------ STORED DATA

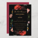 Wedding Reception Party Invitation Dark Red and Black Floral. Copper coloured text is fully customisable. Flower background. The back of the card is set in a dark red background but you can chose any colour you like. Our ALEXANDRIA wedding suite collection is filled with florals on both black and red backgrounds all using a copper coloured text. Moody, elegant and modern.
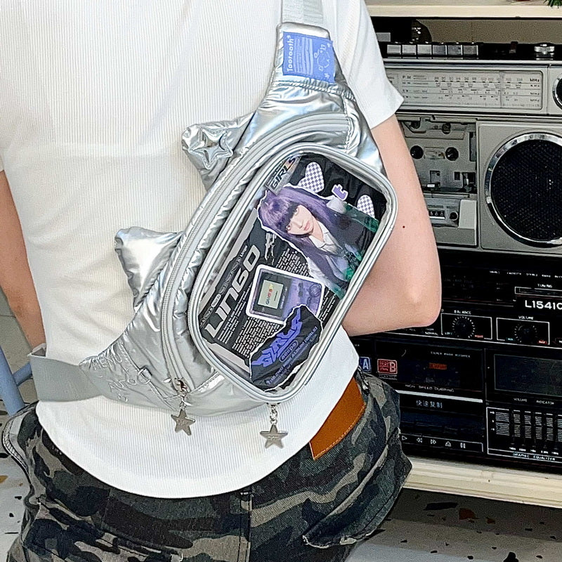 This super cute cat-shaped chest bag features a transparent display window, perfect for showcasing your favorite badges, cards, or plushies. A stylish and practical choice for daily commuting!
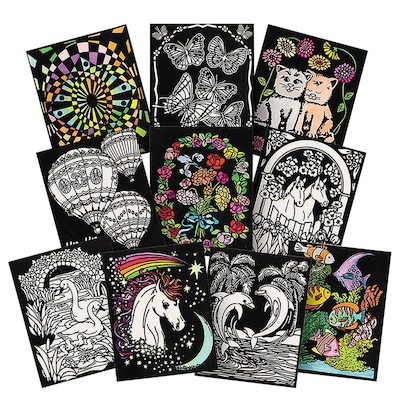 Kids will be amazed by how good their projects look as they create colors on a rich black velvet background. Raised velvet design helps kids color inside the lines so it's virtually goof-proof! One each of 10 assorted 8” x 10” designs. Color with markers, sold separately.

------------

**EXERCISE:** Lines from the one that contains "This super cute" through the last line of the data above are to be extracted exactly, with no pictures and no other lines.

**TASK RESPONSE:**
 This super cute cat-shaped chest bag features a transparent display window, perfect for showcasing your favorite badges, cards, or plushies. A stylish and practical choice for daily commuting!
 Kids will be amazed by how good their projects look as they create colors on a rich black velvet background. Raised velvet design helps kids color inside the lines so it's virtually goof-proof! One each of 10 assorted 8” x 10” designs. Color with markers, sold separately.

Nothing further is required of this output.